__ASSIGNMENT__.
Your output should be the lines below from the one with "Louis Vuitton Mid" through the one with "健康 大麦 軽食 送料無料", copied exactly, pictures excluded.

__MATERIALS PROVIDED__.
BEGIN

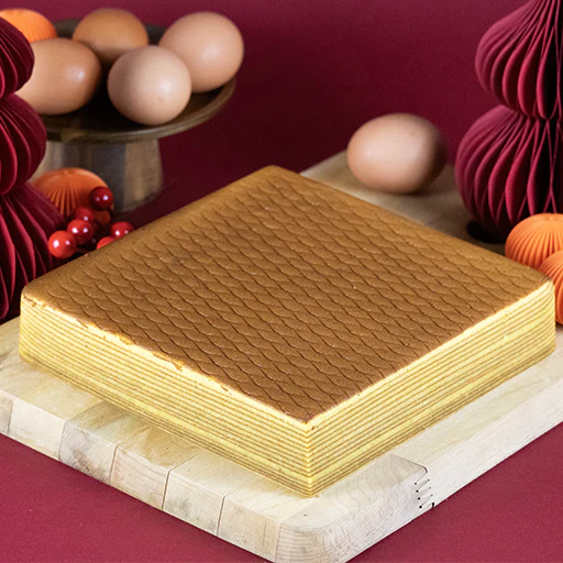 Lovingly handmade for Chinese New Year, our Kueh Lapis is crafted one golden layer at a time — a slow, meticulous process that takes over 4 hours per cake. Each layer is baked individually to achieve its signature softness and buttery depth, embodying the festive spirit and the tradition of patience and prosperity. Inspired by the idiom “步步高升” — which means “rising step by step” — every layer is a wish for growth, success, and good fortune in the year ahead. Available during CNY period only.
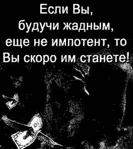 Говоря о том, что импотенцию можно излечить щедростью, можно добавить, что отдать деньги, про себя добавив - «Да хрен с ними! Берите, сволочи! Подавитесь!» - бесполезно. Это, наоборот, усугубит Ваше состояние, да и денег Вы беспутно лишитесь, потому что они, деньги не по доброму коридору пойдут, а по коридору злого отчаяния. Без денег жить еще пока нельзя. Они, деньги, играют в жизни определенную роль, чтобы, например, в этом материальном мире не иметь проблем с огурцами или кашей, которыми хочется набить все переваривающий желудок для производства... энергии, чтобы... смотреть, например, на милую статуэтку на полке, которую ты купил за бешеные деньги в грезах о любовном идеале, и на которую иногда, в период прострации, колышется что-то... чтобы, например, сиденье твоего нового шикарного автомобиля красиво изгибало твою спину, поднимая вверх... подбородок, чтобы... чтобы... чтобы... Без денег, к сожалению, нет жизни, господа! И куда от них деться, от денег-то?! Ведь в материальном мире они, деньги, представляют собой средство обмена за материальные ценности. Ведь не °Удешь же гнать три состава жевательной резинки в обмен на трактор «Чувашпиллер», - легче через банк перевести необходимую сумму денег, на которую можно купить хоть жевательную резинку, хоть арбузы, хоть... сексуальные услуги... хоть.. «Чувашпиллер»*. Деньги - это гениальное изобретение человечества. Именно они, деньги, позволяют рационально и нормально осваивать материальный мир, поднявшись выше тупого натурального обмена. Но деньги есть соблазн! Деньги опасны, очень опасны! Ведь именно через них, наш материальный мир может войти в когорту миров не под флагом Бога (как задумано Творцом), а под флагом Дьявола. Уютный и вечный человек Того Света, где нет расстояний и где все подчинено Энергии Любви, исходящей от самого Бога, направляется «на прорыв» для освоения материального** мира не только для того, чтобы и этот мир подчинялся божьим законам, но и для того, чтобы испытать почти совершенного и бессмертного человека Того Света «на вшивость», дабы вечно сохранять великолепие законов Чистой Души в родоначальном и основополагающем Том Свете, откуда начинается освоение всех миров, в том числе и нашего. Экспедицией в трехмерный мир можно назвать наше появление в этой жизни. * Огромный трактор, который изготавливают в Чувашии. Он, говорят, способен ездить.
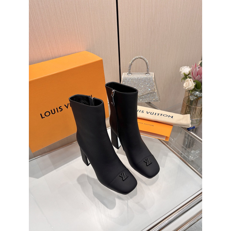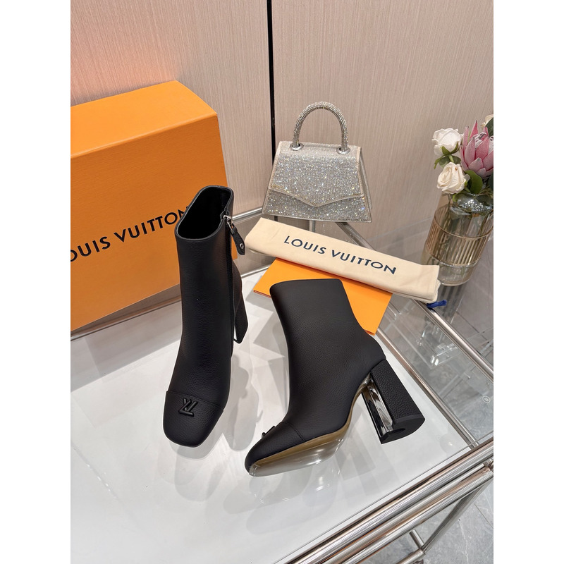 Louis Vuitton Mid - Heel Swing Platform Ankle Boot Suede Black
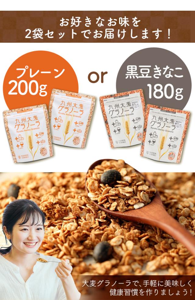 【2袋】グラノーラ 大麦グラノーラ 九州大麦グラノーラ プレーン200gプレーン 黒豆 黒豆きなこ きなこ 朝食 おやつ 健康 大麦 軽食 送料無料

END
BEGIN

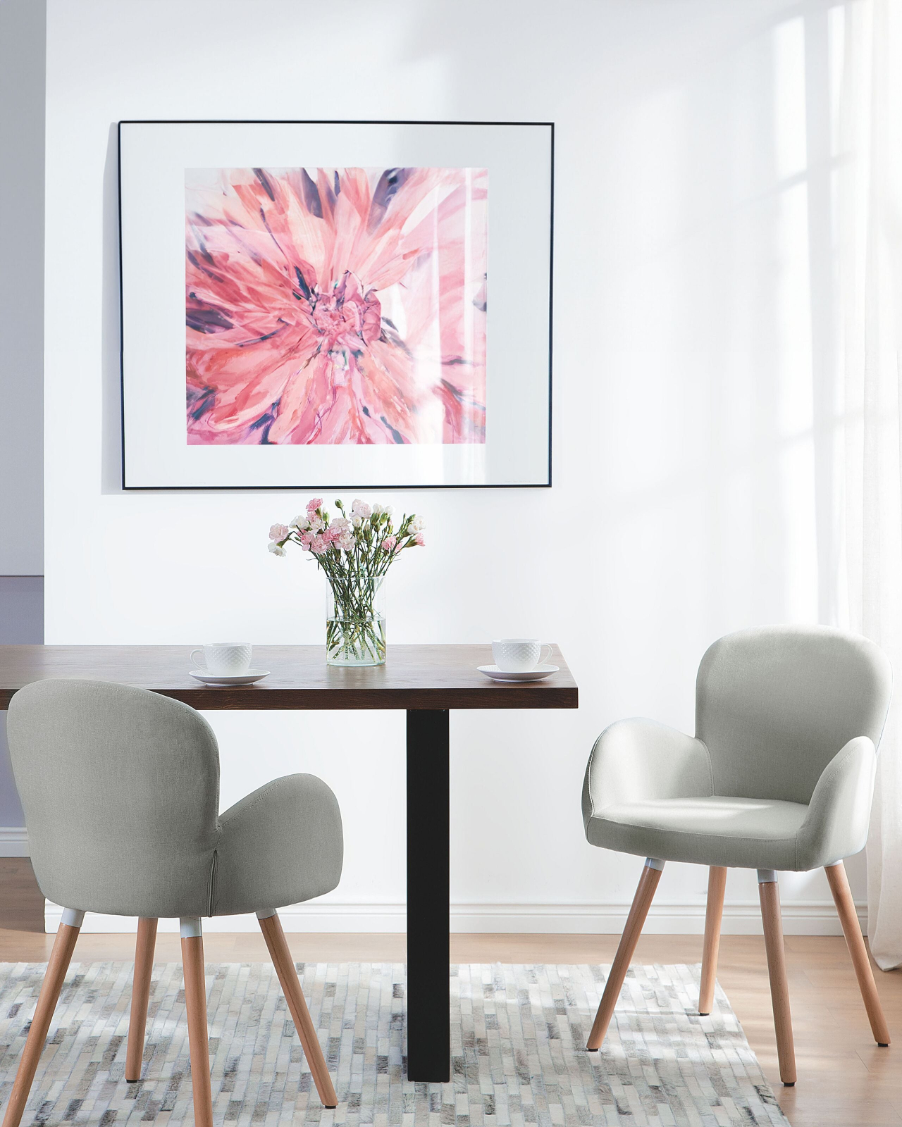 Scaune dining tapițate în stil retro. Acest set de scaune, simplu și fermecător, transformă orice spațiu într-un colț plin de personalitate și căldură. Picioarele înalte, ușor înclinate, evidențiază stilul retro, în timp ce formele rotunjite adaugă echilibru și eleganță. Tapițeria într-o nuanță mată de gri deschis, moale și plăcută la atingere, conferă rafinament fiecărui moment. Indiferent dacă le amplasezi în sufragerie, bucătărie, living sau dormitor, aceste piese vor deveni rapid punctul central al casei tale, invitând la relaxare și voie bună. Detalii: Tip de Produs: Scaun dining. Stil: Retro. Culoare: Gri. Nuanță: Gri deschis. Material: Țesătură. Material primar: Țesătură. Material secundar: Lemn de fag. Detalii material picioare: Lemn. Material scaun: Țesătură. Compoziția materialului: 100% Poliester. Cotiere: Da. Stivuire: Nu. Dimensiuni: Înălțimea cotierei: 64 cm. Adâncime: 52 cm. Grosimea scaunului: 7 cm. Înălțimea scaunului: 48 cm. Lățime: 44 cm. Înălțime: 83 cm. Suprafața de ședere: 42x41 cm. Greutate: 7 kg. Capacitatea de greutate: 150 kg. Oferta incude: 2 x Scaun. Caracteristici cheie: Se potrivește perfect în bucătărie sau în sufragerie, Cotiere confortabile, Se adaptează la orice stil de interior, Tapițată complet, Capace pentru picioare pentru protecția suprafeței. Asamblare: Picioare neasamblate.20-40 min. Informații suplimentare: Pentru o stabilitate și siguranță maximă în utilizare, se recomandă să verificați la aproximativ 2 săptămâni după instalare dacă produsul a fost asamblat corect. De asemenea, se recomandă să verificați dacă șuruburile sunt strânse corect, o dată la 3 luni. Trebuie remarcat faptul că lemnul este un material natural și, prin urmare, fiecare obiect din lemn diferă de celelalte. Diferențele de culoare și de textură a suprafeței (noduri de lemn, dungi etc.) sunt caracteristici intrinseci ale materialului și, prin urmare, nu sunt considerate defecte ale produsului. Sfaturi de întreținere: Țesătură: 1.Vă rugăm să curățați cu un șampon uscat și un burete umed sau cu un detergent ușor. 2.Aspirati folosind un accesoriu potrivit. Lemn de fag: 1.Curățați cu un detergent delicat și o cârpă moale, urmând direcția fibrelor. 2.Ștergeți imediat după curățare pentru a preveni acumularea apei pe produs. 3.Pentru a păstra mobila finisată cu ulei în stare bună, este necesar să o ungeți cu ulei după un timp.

END

__WRITTEN RESPONSE__.
 Louis Vuitton Mid - Heel Swing Platform Ankle Boot Suede Black
 【2袋】グラノーラ 大麦グラノーラ 九州大麦グラノーラ プレーン200gプレーン 黒豆 黒豆きなこ きなこ 朝食 おやつ 健康 大麦 軽食 送料無料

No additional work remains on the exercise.